Mixture of quail droppings and ash 'magic' fertiliser for healthy crops

Mixture of quail droppings and ash 'magic' fertiliser for healthy crops

By Nikko Tanui

Kericho, Kenya: Miriam Cheruiyot’s lush garden of traditional sagek vegetables is breathtaking. Fellow villagers in Chebaon in Kericho County admire the sagek leaves as they sway with the wind and long for a piece of the same in their shambas.

Cheruiyot, 47, is happy to reveal the secret she accidentally discovered that makes her garden an envy of many. She mixes quails’ droppings with ash to get magic fertiliser that has transformed her farming for the better and boosted her produce.

“Ash is a traditional disinfectant and I used it and to prevent the quails’ droppings from smearing the floor of my house, I would sprinkle ash on them and sweep and throw the rubbish in the garden. Soon, I noticed that my sagek garden was getting greener and the leaves larger,” says Cheruiyot, who keeps 2,000 quails.

She began experimenting more with the new fertiliser by mixing more quantities of the birds’ droppings with ash and used it to plant more of the traditional vegetable. She was pleased by how they responded to the fertiliser.

“It has turned out to be the best organic fertiliser I have ever used,” Cheruiyot says.

Better still, she says her traditional vegetable garden is no longer attacked by cut worms and other pests which used to destroy the vegetable.

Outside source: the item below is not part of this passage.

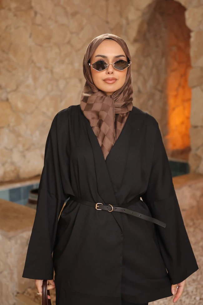 * Ürün Detay : Ceket, minimalist çizgileriyle "sessiz lüks" akımına göz kırpan, oldukça asil bir parça.Ceketin ön kısmındaki geniş üst üste binen yani kruvaze kesim, yakasız tasarımla birleşerek boyun bölgesinde ferah ve modern bir duruş sergiliyor.Geniş ve hafif düşük omuzlu kol yapısı, geleneksel kimono kesimini anımsatıyor. Bu salaşlık, konforu şıklıkla birleştiriyor.Beldeki ince siyah kemer, ceketin oversize dökümünü toparlayarak vücut hatlarını zarifçe ortaya çıkarıyor.

She earns an average of Sh300 from the sale of the vegetable from the tiny patch of garden. Now buoyed by the demand, she intends to expand it.

“I planted the vegetables just for family consumption but with the growing demand, I have plans of extending the garden for commercial purposes.”

And the vegetable is popular among breastfeeding women. It is believed that sagek makes them produce more breast milk.

To make it even tastier, says Cheruiyot, milk cream is added and since the vegetable has no heartburn, even the elderly love it.

Cheruiyot, a 1998 Guinness Stout Award winner for humanitarian work, says word of mouth has caused neighbours to flock to her house to buy the organic fertiliser which she sells at Sh200 per sack.

“In a month I can sell at least ten bags of the organic fertiliser and the demand is growing day by day,” she says. More and more people have found out that the organic matter is good for other traditional vegetables as well.

Besides the organic fertiliser, Cheruiyot recycles the waste into chicken and cattle feed since the birds only digest 50 per cent of their food.